• Exercise objective
Your task is to transcribe the lines from the start of the data below through the line containing "Dann kam der", inclusive, exactly as they stand and without the pictures.

Records from a collection
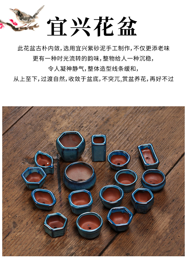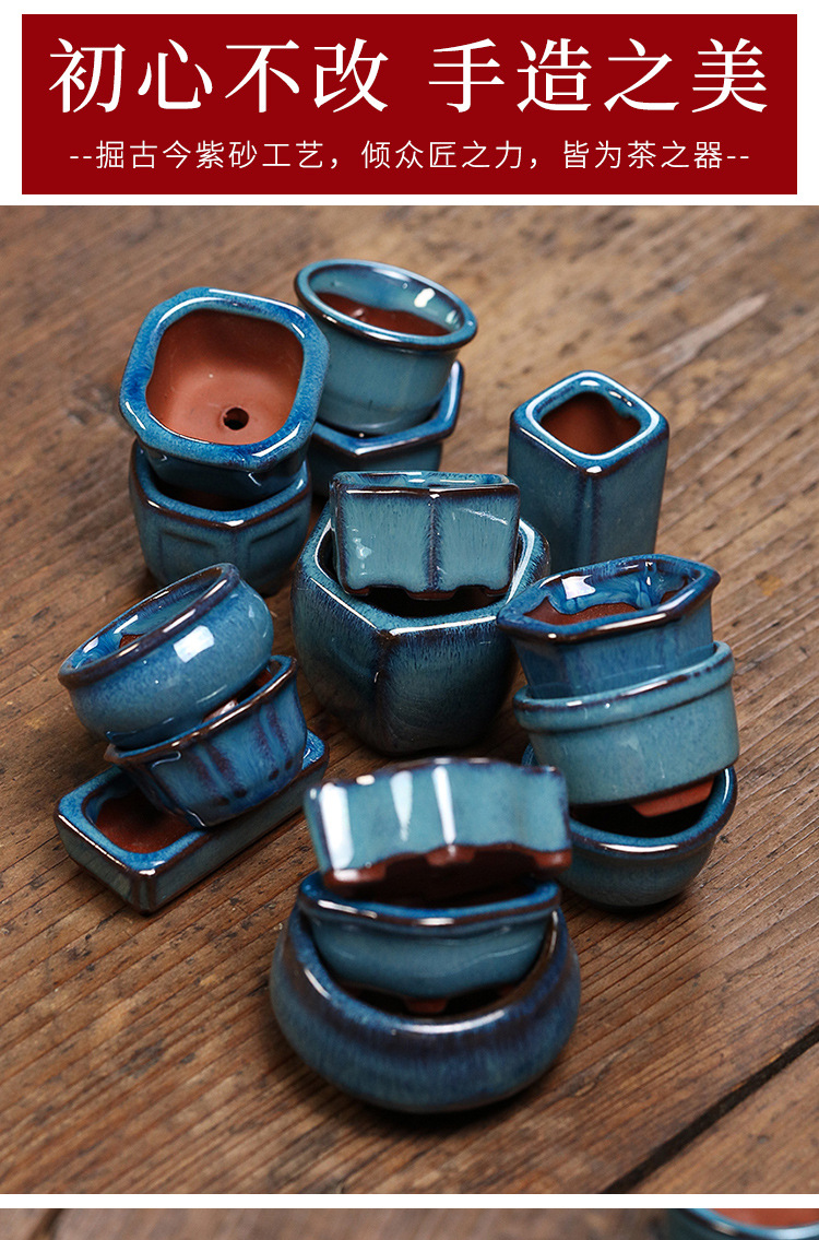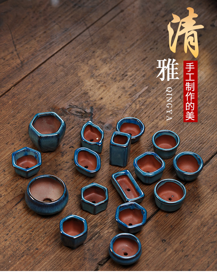다육식물 엄지화분 자주색 점토 화분 세라믹 화분 귀여운 만화 창의적 심플 블루 제조업체 도매
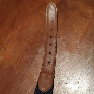 Belt (without buckle) measures about 48.5" in length, 42.25" to first hole, 46.5" to last hole.
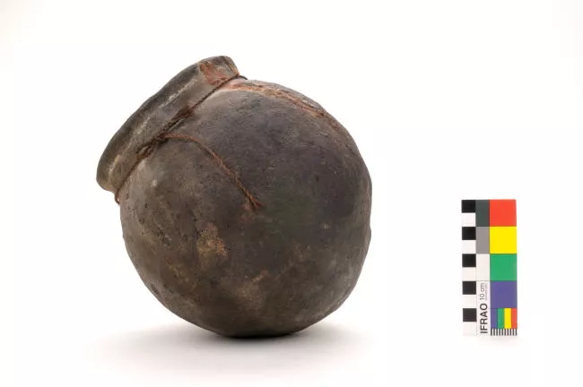 Vasija globular de base cóncava, cuello recto levemente evertido y lab...
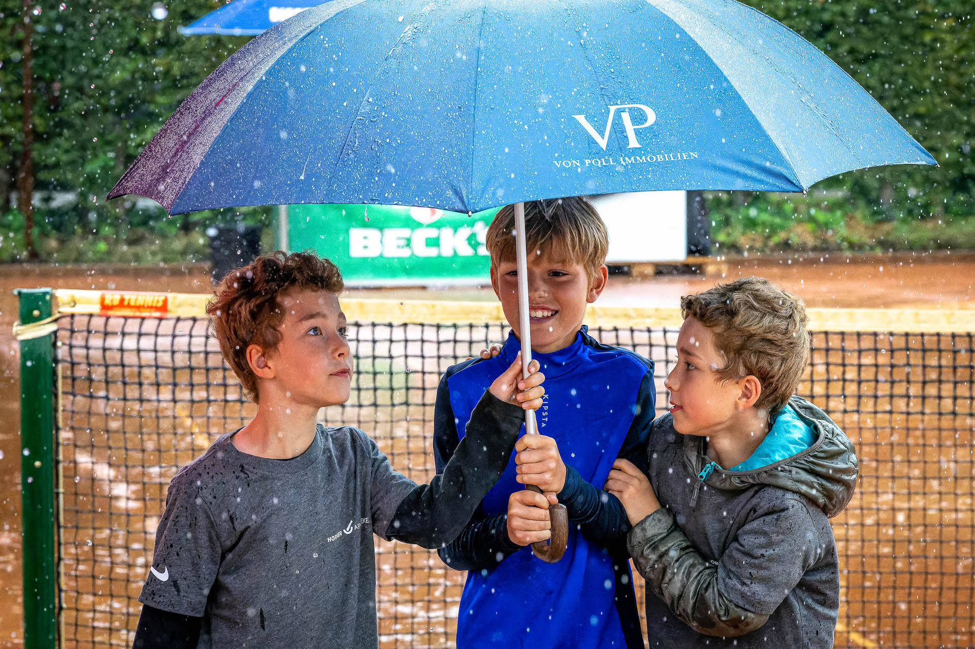 Dann kam der Regen und machte unsere Plätze unbespielbar. Aber dank der Hilfe vieler fleißiger Helfer und der Zusammenarbeit mit unserem Nachbarverein TV Werder haben wir 3 andere Außenplätze herrichten können. Der Oberschiedsrichter Edin Efendic gab grünes Licht. Weiter ging’s!
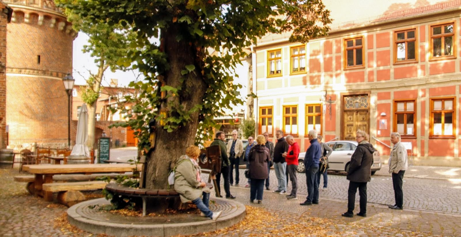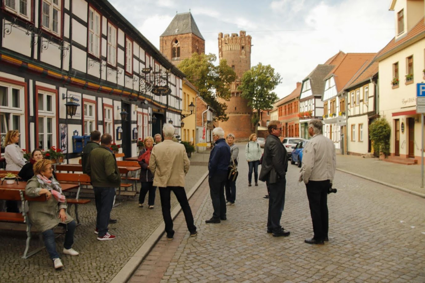 Alle Bilder: Peter Leymann | 20 Mitglieder der BGG Roter Adler und Interessierte trafen sich am 3. Oktober 2020 in Tangermünde. Herrlicher Sonnenschein und Temperaturen über 20 Grad boten ideale Bedingungen für unsere Exkursion. Lange Zeit konnten wir uns nicht persönlich treffen. Daher war dieser Tag ganz besonders: Endlich trafen sich lieb gewonnene Freunde wieder. Es wurde viel gelacht, gescherzt und ausgetauscht. Schon allein deshalb war es ein besonderer Tag voller Wiedersehensfreude Ab 10 Uhr führte uns die Gästeführerin Jutta Engelhardt durch die Stadt und informierte uns ausführlich zur Geschichte. Wir erfuhren in 2 1/2 Stunden sehr viel über die Bedeutung der Elbe für die Stadt, über die Stadtmauer, die Burg, das historische Rathaus, das Hühnerdorfer Tor, den Eulenturm und viele andere historische Bauten. In der St.-Stephans-Kirche konnten wir neben der Orgel deren sehr schöne Einrichtung bewundern. Einige von uns bestiegen den Kapitelturm und hatten von dort die beste Aussicht über die wunderschöne alte Stadt, in deren Geschichte sowohl Kaiser Karl IV. (1316 - 1378) als auch Kurfürst Friedrich I. (1371 - 1440) eine wichtige Rolle spielten. Doch beide Male ging die Chance, zu einer wichtigeren Stadt zu werden, knapp an Tangermünde. Immerhin darf sich Tangermünde dank Karl IV. heute nicht nur Hansa- sondern auch Kaiserstadt nennen. Nach diesem ausgiebigen Spaziergang waren wir sehr hungrig. In der Zecherei St. Nikolai erwartete uns ein Tafelschmaus, ein deftiges, leckeres Essen. Anschließend blieb Zeit, an der Elbe zu spazieren. oder durch die schöne Fachwerkstadt zu bummeln. Bei Schulzens gab es später Kaffee und leckeren Kuchen und es fanden sehr intensive Gespräche unter allen Teilnehmern statt. Der Tag war viel zu kurz, die Zeit wieder viel zu schnell vorüber. Es war ein sehr schöner Tag. Viele Teilnehmer verabredeten sich untereinander, in engerem Kontakt zu bleiben und auf alle Fälle bei der nächsten Veranstaltung der BGG wieder dabei sein zu wollen. |

• Output
다육식물 엄지화분 자주색 점토 화분 세라믹 화분 귀여운 만화 창의적 심플 블루 제조업체 도매
 Belt (without buckle) measures about 48.5" in length, 42.25" to first hole, 46.5" to last hole.
 Vasija globular de base cóncava, cuello recto levemente evertido y lab...
 Dann kam der Regen und machte unsere Plätze unbespielbar. Aber dank der Hilfe vieler fleißiger Helfer und der Zusammenarbeit mit unserem Nachbarverein TV Werder haben wir 3 andere Außenplätze herrichten können. Der Oberschiedsrichter Edin Efendic gab grünes Licht. Weiter ging’s!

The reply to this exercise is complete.